That sounds like it might be an answer. I wonder if it drops over a 3 to 4 foot distance?

Dave


----------



## Terl (Jan 2, 2008)

Your electrical lines look great. I have read in the model press that some modelers used an elastic rubber thread for their lines because it was alot more forgiving to accidents. Don't know where to get it though. 

Terl


----------



## dawinter (Jan 2, 2008)

At least one company makes HO and N scale poles with 'elastic' lines pre-attached. All a modeller has to do is plant the poles and it's done.

Far to advanced for us large scalers.

Dave


----------



## Richard Weatherby (Jan 3, 2008)

First let me say they look great. I think the droop looks great. Doing telephone/electric lines outdoors is a great fear and would surely collect spider and cob webs. These same issues affect decision to install catenary for electric operations (real sparkies). 
PS: I spoke to one of the companies making the stretchy stuff at one of the train shows. They said it will not last if UV gets to it.


----------



## John J (Dec 29, 2007)

They look great and the sag is just right.

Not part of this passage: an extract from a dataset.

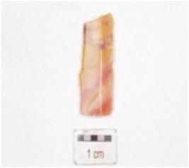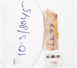 | Description / विवरण | A blade made on chert, mid ridge on dorsal, ventral is smooth and use wear marks on edge. |

I thought of using wire from the windings of a Relay coil or solinoid coil.

I was going to Un Ravel one and string it between the poles.


----------



## dawinter (Jan 2, 2008)

I'd be very leery of using wire - of any type. Can you even emagine trying to get the kinks out of it if it came off a role of any kind. And thread easily wraps around every insulator (Bachmann poles) and is held there with a small dab of glue. Use airplane glue or a high gloss substitute. It looks nice up there.

Dave


----------